After retiring from the Army, Rogers moved to Detroit, Michigan, where he entered the lumber business and helped organize Presque Isle County. Rogers City, Michigan, the county seat of Presque Isle, is named in his honor.

In 1875, he moved to Garrison, New York, located just outside of New York City, where he worked as a cotton exporter. In 1883, he was appointed him to the New York State Board of Railroad Commissioners by then Governor, later U.S. President, Grover Cleveland, serving for nine years total of which five were spent as chairman. In 1892, he was admitted to the bar in New York and practiced law.

Later, William Rogers worked for the Delaware, Lackawanna and Western Railroad Company.

==Personal life==
On February 13, 1868 Rogers was married to Susan LeRoy Fish (1844–1909). Susan was the daughter of Julia (née Kean) Fish and Hamilton Fish, the former Governor of New York and U.S. Secretary of State (under President Ulysses S. Grant). She was also the sister of Nicholas, Hamilton Jr., and Stuyvesant Fish. Together, they were the parents of six children, with one son and three daughters surviving, including:

- Julia Fish Rogers (1868–1938), who married the artist Kenneth Frazier (1867–1949) in 1893.
- Harriette Ruggles Rogers (1870–1963), who married Rev. William Stephen Rainsford, rector of St. George's Church in Stuyvesant Square
- Cornelia Meigs Rogers (b. 1872)
- Hamilton Fish Rogers (1873–1880), who died young.
- William Beverly Rogers (b. 1880), who married Grace Chapin (1885–1960), daughter of former Brooklyn mayor and U.S. Representative Alfred Chapin, in 1908. They divorced in 1920 and she married his cousin, Hamilton Fish III.
- Violet Mabel Rogers (1883–1885), who died young.

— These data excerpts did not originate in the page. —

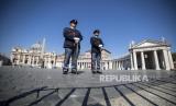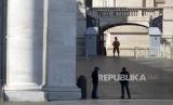 Petugas keamanan berjaga di depan lapangan Santo Petrus yang sepi selama Misa Minggu Paskah yang dilakukan secara tertutup di Basilika Santo Petrus, Vatikan, Ahad (12/4). Misa minggu paskah diadakan secara tertutup untuk mencegah penyebaran virus COVID-19. (FOTO : EPA-EFE/ANGELO CARCONI)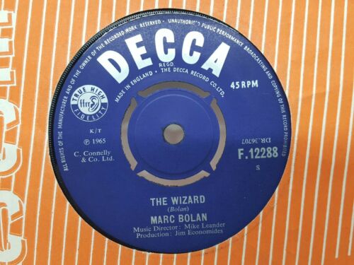 * MARC BOLAN * THE WIZARD * DECCA F. 12288 * 1965 1ST PRESSING * SUPER RARE * NM. COMPANY SLEEVE * VINYL IS NM CONDITION * LOOKS HARDLY PLAYED * PLAYTESTED SUPERB * ONE FOR THE REAL COLLECTORS * VINYL WILL BE SENT SIGNED AND TRACKED SPECIAL DELIVERY * OVERSEAS BUYERS PLEASE MESSAGE BEFORE BIDDING THANKYOU.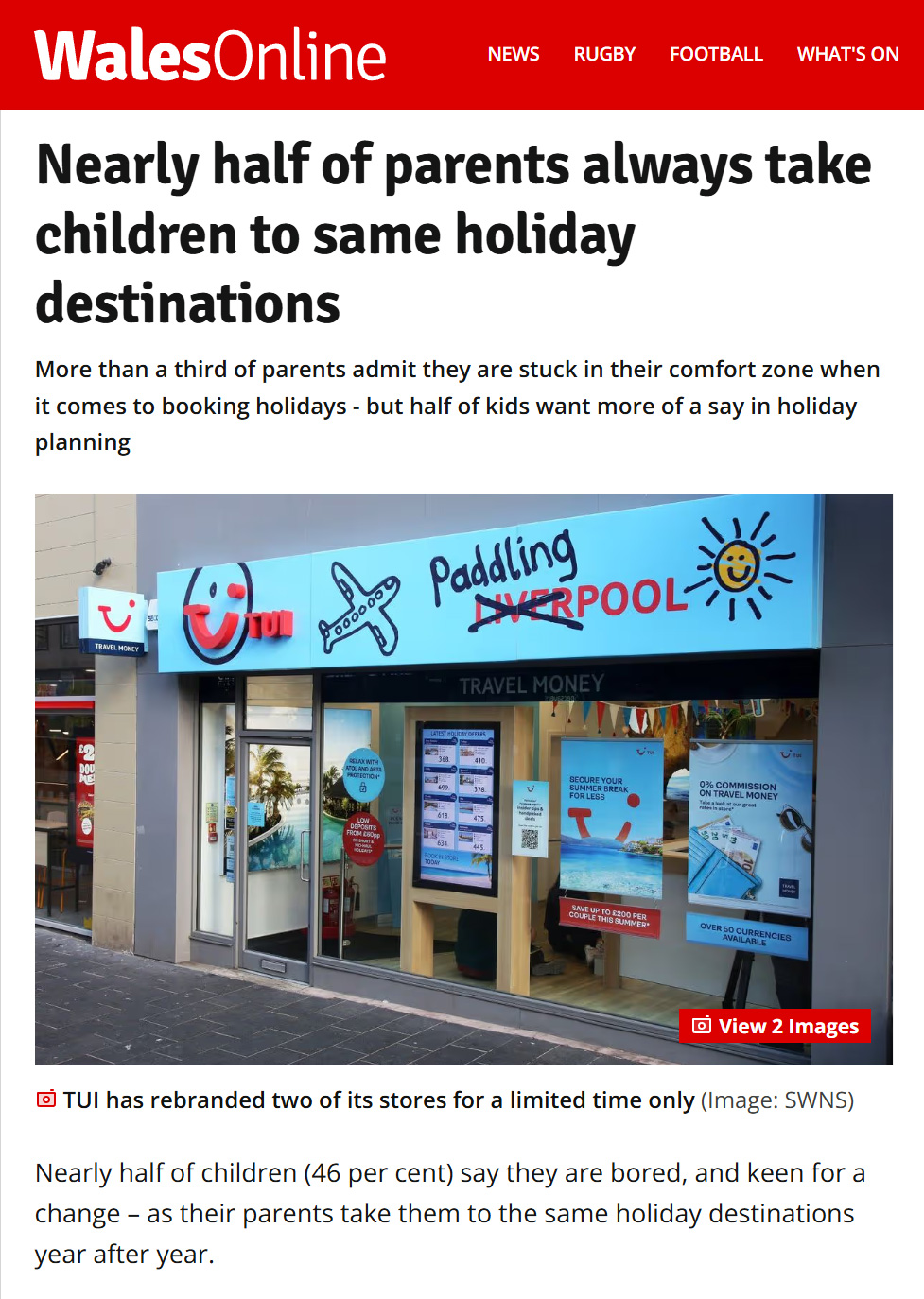 Earned media and PR work for TUI.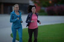 In the film's climax, Annie prepared to go stay at Mark's place after having reported Rachel to a detective after learning her true identity. But before she could, Rachel killed the locksmith Annie had hired before going to Annie's apartment and knocking her out with a hammer (doing so after Annie had found Mark's body under her bed). Rachel then took Annie to an abandoned building and duct taped her to another exercise machine, telling her she would let her go if she reached their goal of her losing 10 pounds. When Annie tried to sympathetize with Rachel for her childhood abuse, the psychotic trainer put a knife to her throat and claimed that her father was a great man who helped people. Annie managed to escape by strangling Rachel with the strings of the exercise machine and using her knife to cut herself free, but as she tried to find a way out of the building, Rachel attacked her with a pole and began strangling her, delusionally saying that she cared about her. Annie fought back by hitting her with a barbell, causing Rachel to fall and impale herself on a spike. Annie tried to help Rachel when she began apologizing, but as she did, Rachel grabbed her in another attempt on her life. But Annie finally subdued her by kicking a nearby post, sending a glass sheet falling onto Rachel that appeared to kill her. But the last shot of the movie showed a bicycle stopping as Rachel went jogging with Richard, possibly implying that Rachel survived and was stalking Annie again.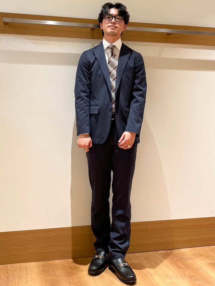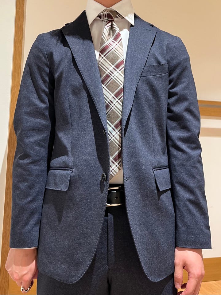 標準的なスーツに似たフィット感。細くも太くもなく、安心感がある

In 1892, Roger's wife and several members of their extended families, were included in Ward McAllister's "Four Hundred", purported to be an index of New York's best families, published in The New York Times. Conveniently, 400 was the number of people that could fit into Mrs. Astor's ballroom.

Susan died of pneumonia at their home in New York on Wednesday, January 20, 1909. Rogers died in New York City on Monday, March 10, 1913. They are buried at St. Philip's Church Cemetery in Garrison, New York.

===Descendants===
Through his eldest daughter Julia, he was the grandfather of Julia Veronica Frazier (1895–1988), Susan Alice Frazier (b. 1899), and Harriette Cornelia Frazier (b. 1902).

Through his son William, he was the grandfather of Susan Fish Rogers.